TASK BRIEF
Quote all lines below exactly. Images stay out.

DATA SHOWN
::::::::::

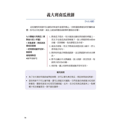 ●這份煎餅不只可以當早餐,還可以搭配任何餐點。它們很適合與綠葉沙拉或新鮮番茄、羅勒和菠菜沙拉或莎莎醬搭配。此外,在沙拉和南瓜表面淋上一點檸檬汁和生蜂蜜是另一項不錯的選擇。
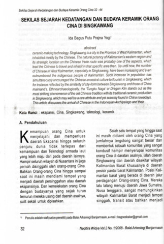 Ida, Bagus Putu Prajna Yogi (2008) Sekilas sejarah kedatangan dan budaya keramik orang Cina di Singkawang. Naditira Widya, 2 (1): 4. pp. 32-44. ISSN 1410 - 0932
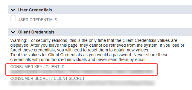 - Note: The consumer key and client secret only display once, immediately after creating the integration. If you return to this page, these values are no longer displayed.

::::::::::

RESPONSE TO THIS EXERCISE
 ●這份煎餅不只可以當早餐,還可以搭配任何餐點。它們很適合與綠葉沙拉或新鮮番茄、羅勒和菠菜沙拉或莎莎醬搭配。此外,在沙拉和南瓜表面淋上一點檸檬汁和生蜂蜜是另一項不錯的選擇。
 Ida, Bagus Putu Prajna Yogi (2008) Sekilas sejarah kedatangan dan budaya keramik orang Cina di Singkawang. Naditira Widya, 2 (1): 4. pp. 32-44. ISSN 1410 - 0932
 - Note: The consumer key and client secret only display once, immediately after creating the integration. If you return to this page, these values are no longer displayed.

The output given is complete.